◆ Data below

***

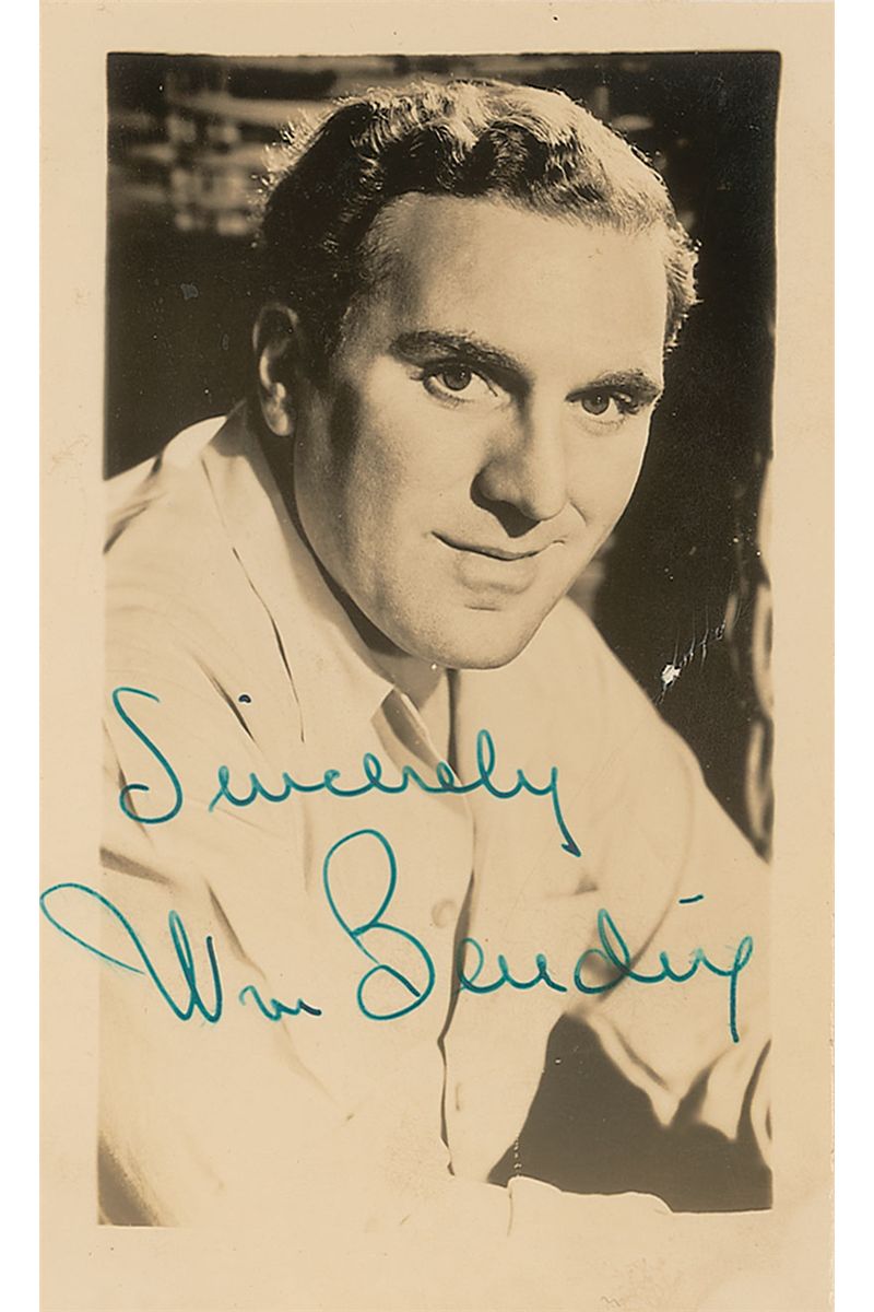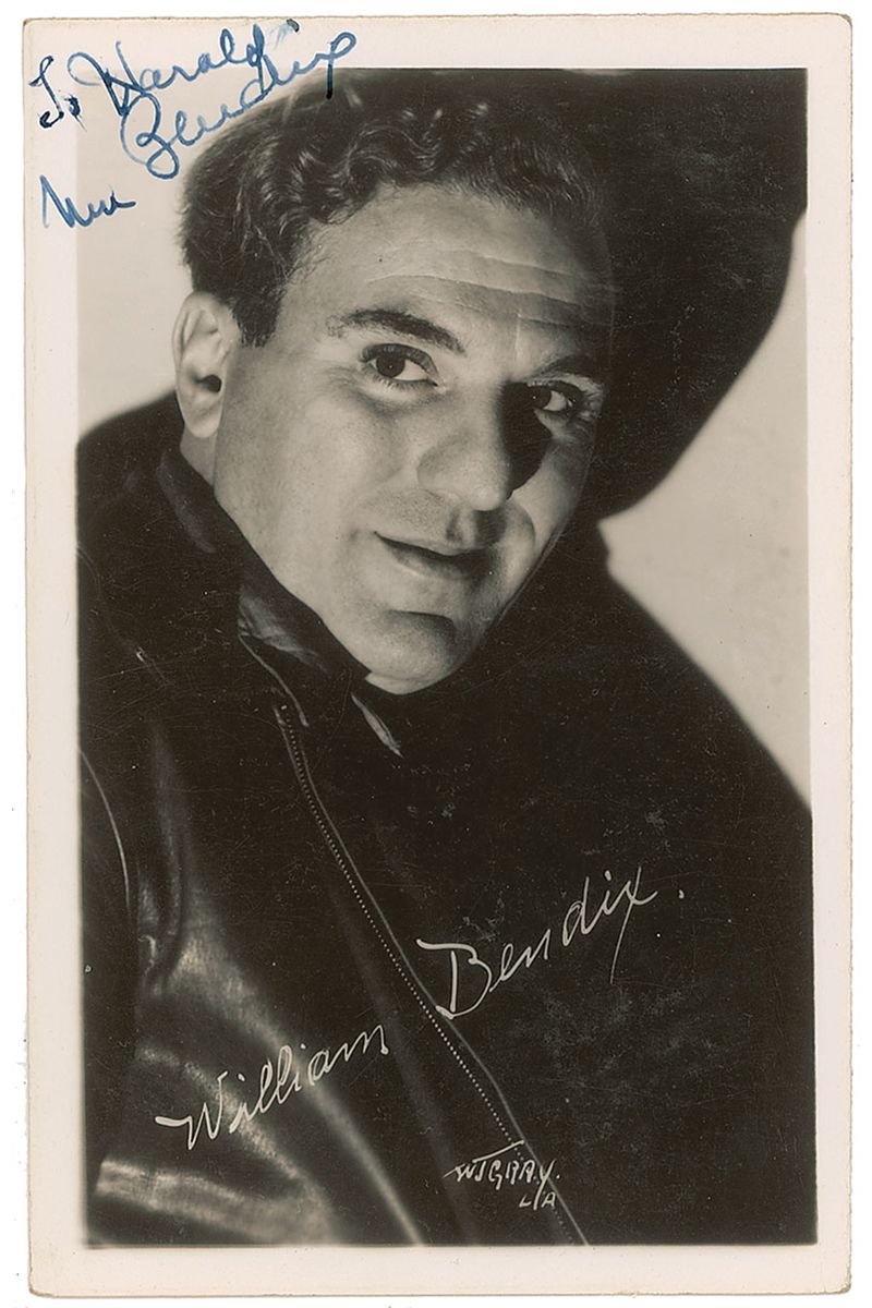 Two photos: vintage glossy 3.5 x 5.5 real photo postcard, signed and inscribed in fountain pen, “To Harold, Wm. Bendix”; and a vintage glossy 2.5 x 4 head-and-shoulders photo, nicely signed in fountain pen, “Sincerely, Wm. Bendix.” Some scattered surface spotting, and a light crease to the smaller photo, otherwise overall fine condition.
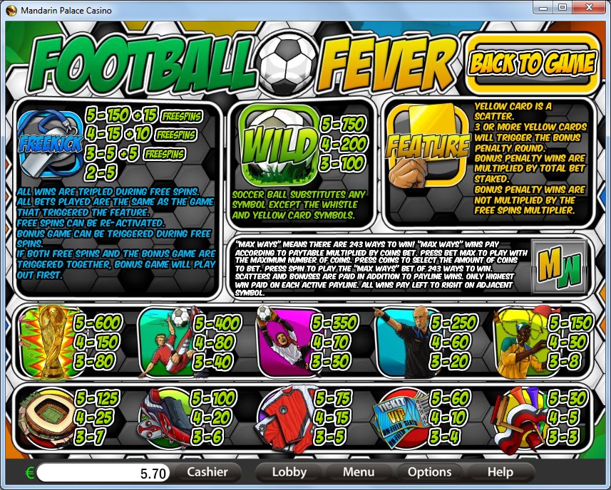 If you take a look at the features of Football Fever, you will find among them free spins, scatter symbols, multipliers, a Penalty Round feature and wilds.
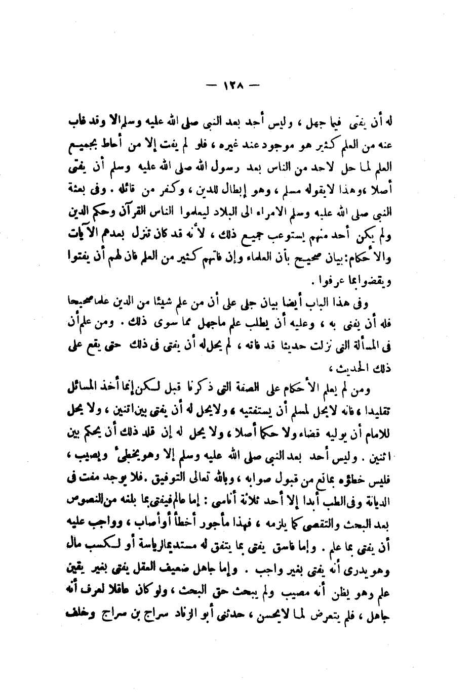 وهذا الباب أيضا بيان جلي على أن من علم شيئا من الدين علما صحيحا فله أن يفتي به وعليه أن يطلب علم ما جهل مما سوى ذلك ومن علم أن في المسألة التي نزلت حديثا قد فاته لم يحل له أن يفتي في ذلك حتى يقع على ذلك الحديث ومن لم يعلم الأحكام على الصفة التي ذكرنا قبل لكن إنما أخذ المسائل تقليدا فإنه لا يحل لمسلم أن يستفتيه ولا يحل له أن يفتي بين اثنين ولا يحل للإمام أن يوليه قضاء ولا حكما أصلا ولا يحل له إن قلد ذلك أن يحكم بين اثنين وليس أحد بعد النبي صلى الله عليه وسلم إلا وهو يخطىء ويصيب فليس خطأه بمانع من قبول صوابه وبالله تعالى التوفيق
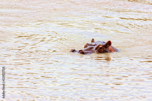 Fototapeta premium A large wild hippopotamus is floating on the river. Kenya Nation

***

◆ What you should do
Restate the full listing verbatim and drop every picture.

◆ Reply to the task
 Two photos: vintage glossy 3.5 x 5.5 real photo postcard, signed and inscribed in fountain pen, “To Harold, Wm. Bendix”; and a vintage glossy 2.5 x 4 head-and-shoulders photo, nicely signed in fountain pen, “Sincerely, Wm. Bendix.” Some scattered surface spotting, and a light crease to the smaller photo, otherwise overall fine condition.
 If you take a look at the features of Football Fever, you will find among them free spins, scatter symbols, multipliers, a Penalty Round feature and wilds.
 وهذا الباب أيضا بيان جلي على أن من علم شيئا من الدين علما صحيحا فله أن يفتي به وعليه أن يطلب علم ما جهل مما سوى ذلك ومن علم أن في المسألة التي نزلت حديثا قد فاته لم يحل له أن يفتي في ذلك حتى يقع على ذلك الحديث ومن لم يعلم الأحكام على الصفة التي ذكرنا قبل لكن إنما أخذ المسائل تقليدا فإنه لا يحل لمسلم أن يستفتيه ولا يحل له أن يفتي بين اثنين ولا يحل للإمام أن يوليه قضاء ولا حكما أصلا ولا يحل له إن قلد ذلك أن يحكم بين اثنين وليس أحد بعد النبي صلى الله عليه وسلم إلا وهو يخطىء ويصيب فليس خطأه بمانع من قبول صوابه وبالله تعالى التوفيق
 Fototapeta premium A large wild hippopotamus is floating on the river. Kenya Nation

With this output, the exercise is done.